The discovery that simple deterministic nonlinear systems could display dynamical evolution characterized by a randomness similar to stochastic processes changed very much researchers’ attitude toward determinism and predictability of natural phenomena. Determinstic chaos has been successfully invoked to interpret several irregular behaviors, however its role to the fundaments of statistical physics still remains debated in modern statistical mechanics. In other terms, one is tempted to think that a macroscopic system with chaotic microscopic interactions is more robust with respect to statistical mechanical principles thant the same system with non-chaotic interactions. This particularly controversial issue concerns the role of deterministic chaos for the validity and consistency of statistical approaches.


Our activity rexamines such an issue in the equivalent re-fomulation “Is there any observable signature of microscopic chaos on macroscopic phenomena?” by taking inspiration from the problems of transport in deterministic systems. Transport phenomena are the right context to explore the link between dynamical and statistical properties. We compared the diffusion properties of a non-chaotic (Figure on the left) system with the same properties of its chaotic counterpart (Figure on the right) to detect the differences in trasport behaviour due to the presence of chaos [1,2].

Figure: (left) Non-chaotic model for diffusion of a mass impurity (in red). Here square particles collide without defocusing, so that chaos is absent. (right) The equivalent chaotic model where disks defocuses their trajectories at each collision may inducing chaos.

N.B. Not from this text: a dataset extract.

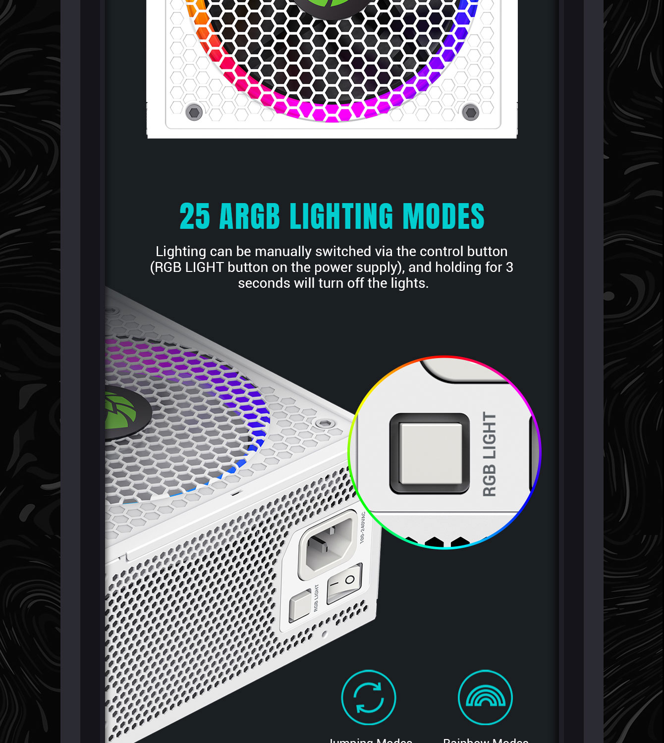 PC Power Supply 1050w white Fully Modular 80+ Gold Certified with RGB Light Mode ARGB SYNC PSU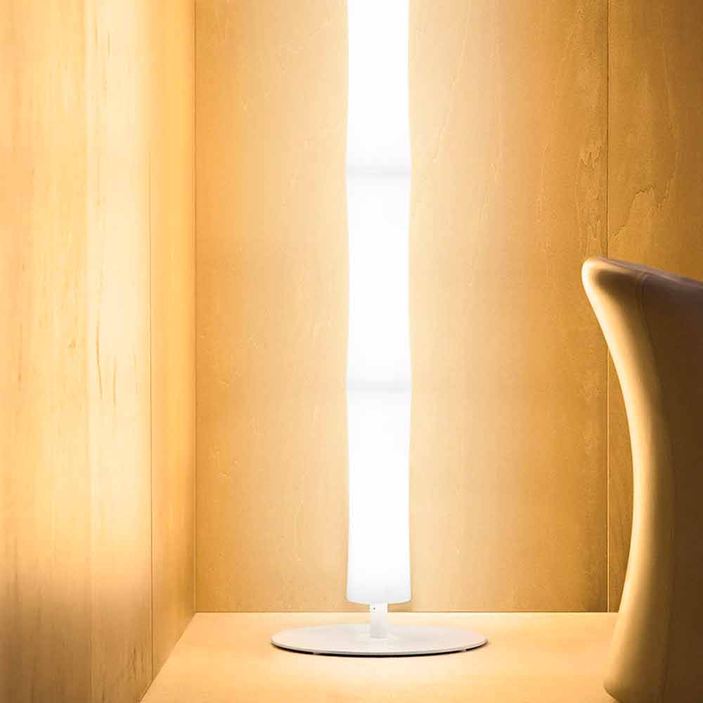 Lampa podłogowa wyprodukowana we Włoszech z mlecznobiałym dyfuzorem z polietylenu i chromowanymi metalowymi detalami w komplecie ze zintegrowaną diodą LED, ściemniaczem (pedał lub aplikacja), ściemnianym zasilaczem elektronicznym i przezroczystym kablem o długości 200 cm. Pomysł na oświetlenie, który ma na celu optymalizację przestrzeni poprzez oferowanie produktu zdolnego odpowiedzieć na najróżniejsze potrzeby zarówno w przestrzeniach domowych, jak i kontraktowych, zawsze zapewniając bardzo wysoki standard jakości światła, a także dużą elastyczność użytkowania i silną osobowość scenograficzną . Dzięki innowacyjnej i funkcjonalnej technologii źródła LED, wariator natężenia światła pozwala również na rozprowadzanie światła równomiernie na całej długości klosza, co tworzy wspaniały klimat, a jednocześnie zapewnia optymalne oświetlenie.

Two deterministic models for Brownian motion are investigated by means of numerical simulations and kinetic theory arguments [1]. The first model consists of a heavy hard disk immersed in a rarefied gas of smaller and lighter hard disks acting as a thermal bath. The second is the same except for the shape of the particles, which is now square. The basic difference of these two systems lies in the interaction: hard core elastic collisions make the dynamics of the disks chaotic whereas that of squares is not. Remarkably, this difference is not reflected in the transport properties of the two systems: simulations show that the diffusion coefficients, velocity correlations and response functions of the heavy impurity are in agreement with kinetic theory for both the chaotic and the non-chaotic model. The relaxation to equilibrium, however, is very sensitive to the kind of interaction. These observations are used to reconsider and discuss some issues connected to chaos, statistical mechanics and diffusion.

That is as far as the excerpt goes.